Debian and Ubuntu Networking Configuration /etc/network/interfaces with a Static IP Address

Setting up a Small Dev Network

Docker on VirtualBox installation commands

Clone your clean VM.

Once you have a base image working, clone it to create your working copy of the VM. This way, when you screw it up, you can delete the clone and start over.

[images of how to clone]

Pick the "Linked Clone" option, and check "Reinitialize the MAC Address".

(Reinitializing the MAC address gives the VM a different network card identifier, so packets will be delivered correctly.)

Don't install the Ubuntu mongodb package. Use MongoDB's repository, and install mongodb-org instead.

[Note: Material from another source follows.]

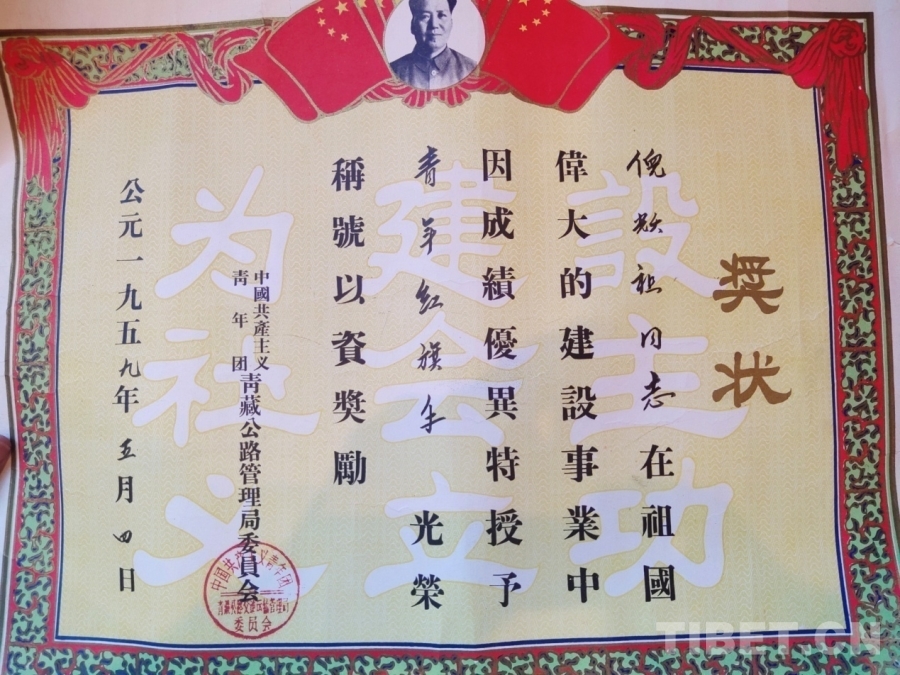 圖為1959年,中國共產(chǎn)主義青年團(tuán)青藏公路管理局委員會授予倪躍祖青年紅旗手光榮稱號的獎狀

Ubuntu's version of MongoDB was out of date, and wasn't current enough for Parse, so I decided to install the latest version.

Installation instructions are at MongoDB's site:

Install MongoDB Community Edition on Ubuntu

There are instructions for other operating systems, but I have used Ubuntu 14.04.

A summary of the installation commands are:

sudo -s

apt-key adv --keyserver hkp://keyserver.ubuntu.com:80 --recv EA312927

echo "deb http://repo.mongodb.org/apt/ubuntu trusty/mongodb-org/3.2 multiverse" | sudo tee /etc/apt/sources.list.d/mongodb-org-3.2.list

apt-get update

apt-get install -y mongodb-org

Delete all the old files.

I didn't bother to purge the files from my previous installation of MongoDB, which was the old version in the Ubuntu repository. Stray config files from the old installation were left around, and this caused problems with running the correct version of MongoDB. This problem had me baffled for a while.

The new config files are named "mongod.conf" and "mongod". The old config files were named "mongodb.conf" and "mongodb". The old files were in these locations:

/etc/init/mongodb.conf
/etc/init.d/mongodb
/etc/mongodb.conf

So, if you see them, delete them. You'll need to make a symlink in /etc/init.d with these commands:

cd /etc/init.d
sudo ln -s /lib/init/upstart-job mongod

That will cause Bash's tab completion to work with the "service" command.

Start the server.

The server should start automatically; if it doesn't, you need to start it manually.

sudo service monogd restart

You can test that it's working by typing mongo:

mongo

That attempts to connect to the local server. You should see something like this:

vagrant@marinela:~$ mongo 
MongoDB shell version: 3.2.8
connecting to: test
> 

A new installation of MongoDB is not secure.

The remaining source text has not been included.